Essay Question 2) (3 points) Do not refer to the abalone data or study. If you were presented with an overall histogram and summary statistics from a sample of some population or phenomenon and no other information, what questions might you ask before accepting them as representative of the sampled population or phenomenon?

Answer: (Enter your answer here.) The questions I would ask would include what is the sample size, what is the standard deviation of the sample distribution, are there any previous studies of the area which can provide additional information, and is there a significant amount of skewing which might cause us to either discount information after it is collected.

Essay Question 3) (3 points) Do not refer to the abalone data or study. What do you see as difficulties analyzing data derived from observational studies? Can causality be determined? What might be learned from such studies?

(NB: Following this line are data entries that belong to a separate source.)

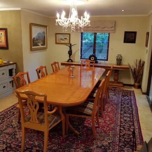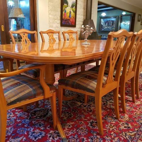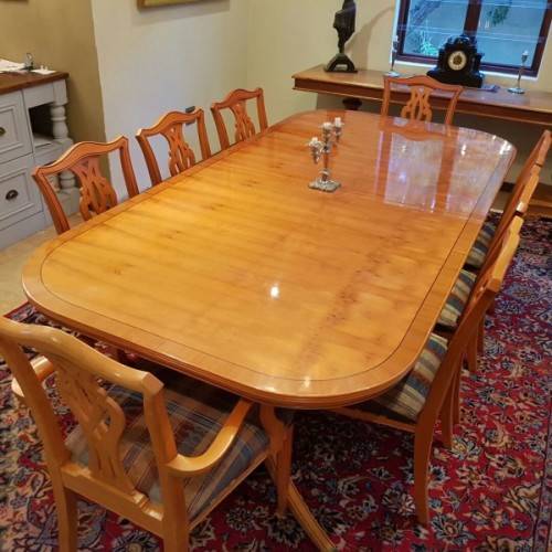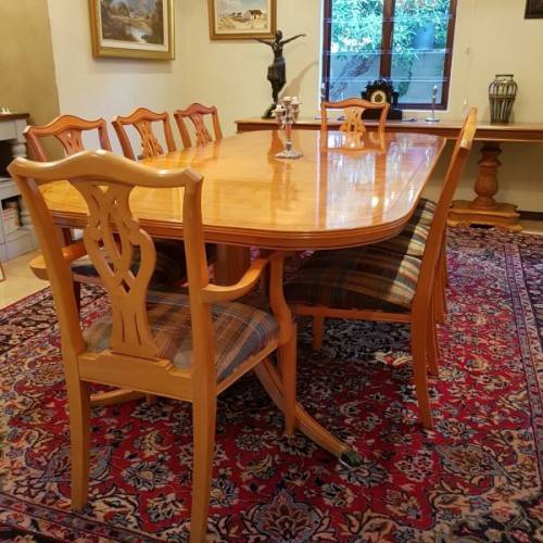 THIS SPECTACULAR ORIGINAL "GORDON FRASER" YEW WOOD CHIPPENDALE 8 TO 10 SEATER DINING ROOM SUITE IS IN STUNNING CONDITION AND MEASURES AS FOLLOWS: THE EXTENDABLE DINING ROOM TABLE MEASURES A VERY DECENT 241cm LONG X 121cm WIDE x 78cm HIGH (WHEN CLOSED) AND 294cm LONG x 121cm WIDE x 78cm HIGH (WHEN OPEN), THE TWO CHIPPENDALE CARVER/ ARM CHAIRS ARE 59cm LONG x 50cm WIDE x 97cm HIGH AND THE SIX DINING CHAIRS ARE 53cm LONG x 48cm WIDE x 97cm HIGH. THIS IS A TOP QUALITY EXPENSIVE DINING ROOM SUITE WHICH HAS A REPLACEMENT VALUE OF R 125 355.00. PLEASE VIEW THE PICS CAREFULLY TO FULLY APPRECIATE THIS INCREDIBLE GORDON FRASER CHIPPENDALE DINING ROOM SUITE AND TO CONFIRM THE CONDITION.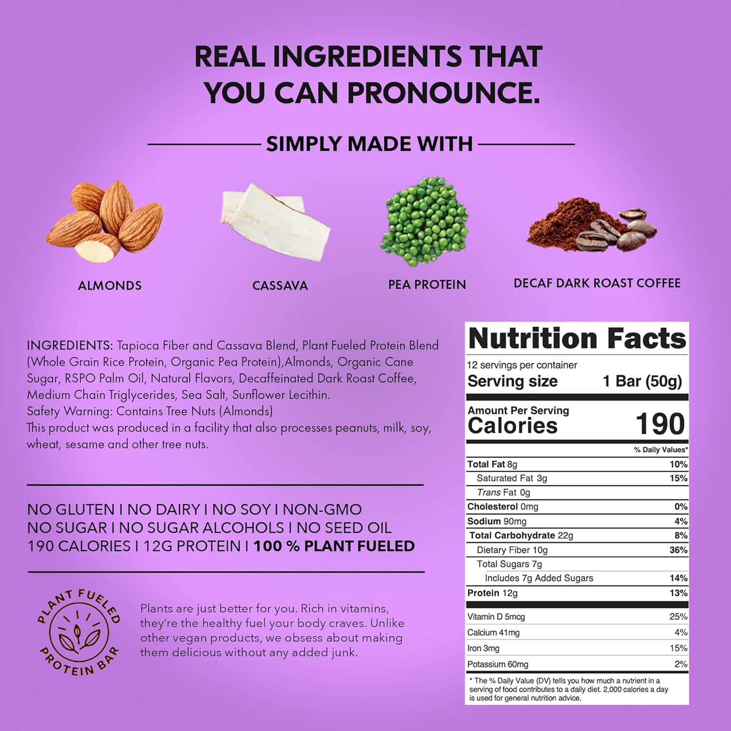 - ENJOY GUILT-FREE INDULGENCE: Fuel your day with the satisfying taste of Whole Lotta Macchiato Protein Bars—made with real ingredients like Almonds, Cassava, and Pea Protein. Each 190-calorie bar packs in 12g of plant-powered protein and 12g of fiber, offering a rich macchiato-inspired treat that supports your energy and keeps cravings at bay. Snack boldly, snack smart.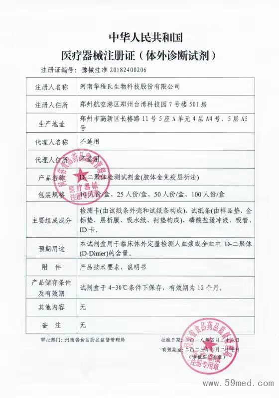 中華人民共和國醫(yī)療器械注冊證(體外診斷試劑)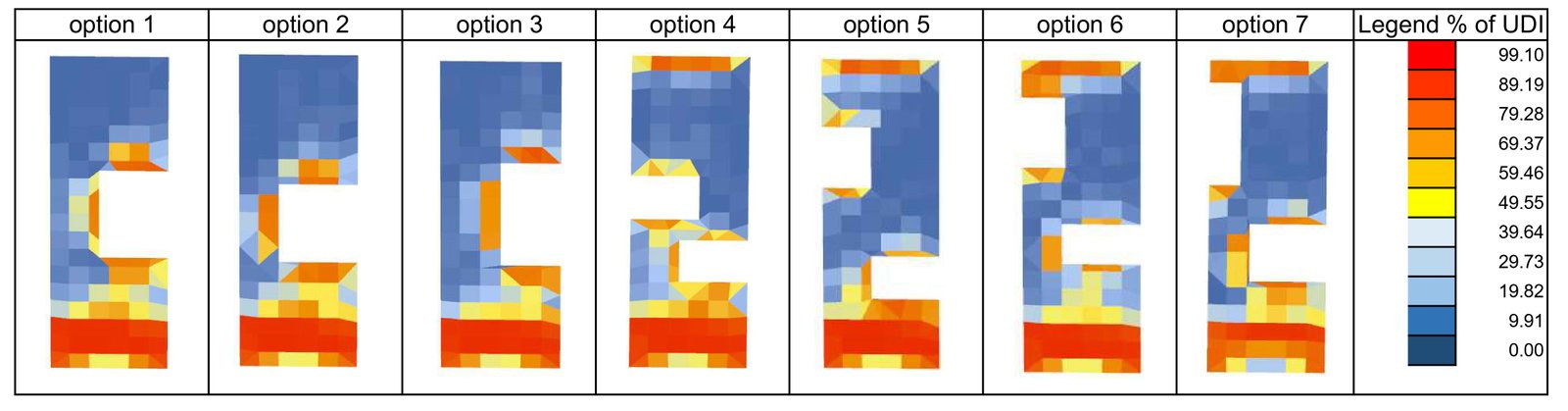 Initially, a Galapagos generative for the location of a fixed size of light well (options 1,2,4,5 and 6) was conducted, followed by generative solutions for random size (options 3 and 7), location, and building orientation, as shown in Table 3. After multiple Galapagos runs, the results were filtered for floor areas less than 90 m² and mean UDI exceeding 45%, in accordance with the ECBC 17 criteria [21] of the floor area. The image of the heat map of the ground floor for all the selected options in Fig. 7 and the grasshopper script in Fig. 6. The Options selected for UDI were more than 45%, as shown in Table 3, option no 1-3 were with a single light well, and no 4-7 were with double light wells.

Answer: (Enter your answer here.)

There are numerous difficulties analyzing data which is derived from observational studies. The collection and recording of data can either be manipulated or logged incorrectly, the possibility of biases can be a factor as well. I think causality would be very difficult to determine given the possibility of both bias and skewing in order to steer narratives. If there as a limited amount or no controls, it would be even more difficult, if not impossible, to glean relevant, valuable information. I think the biggest thing we can learn from observational studies is that they actually provide the basis for creative hypothesis or the inspiration for further, more in depth studies.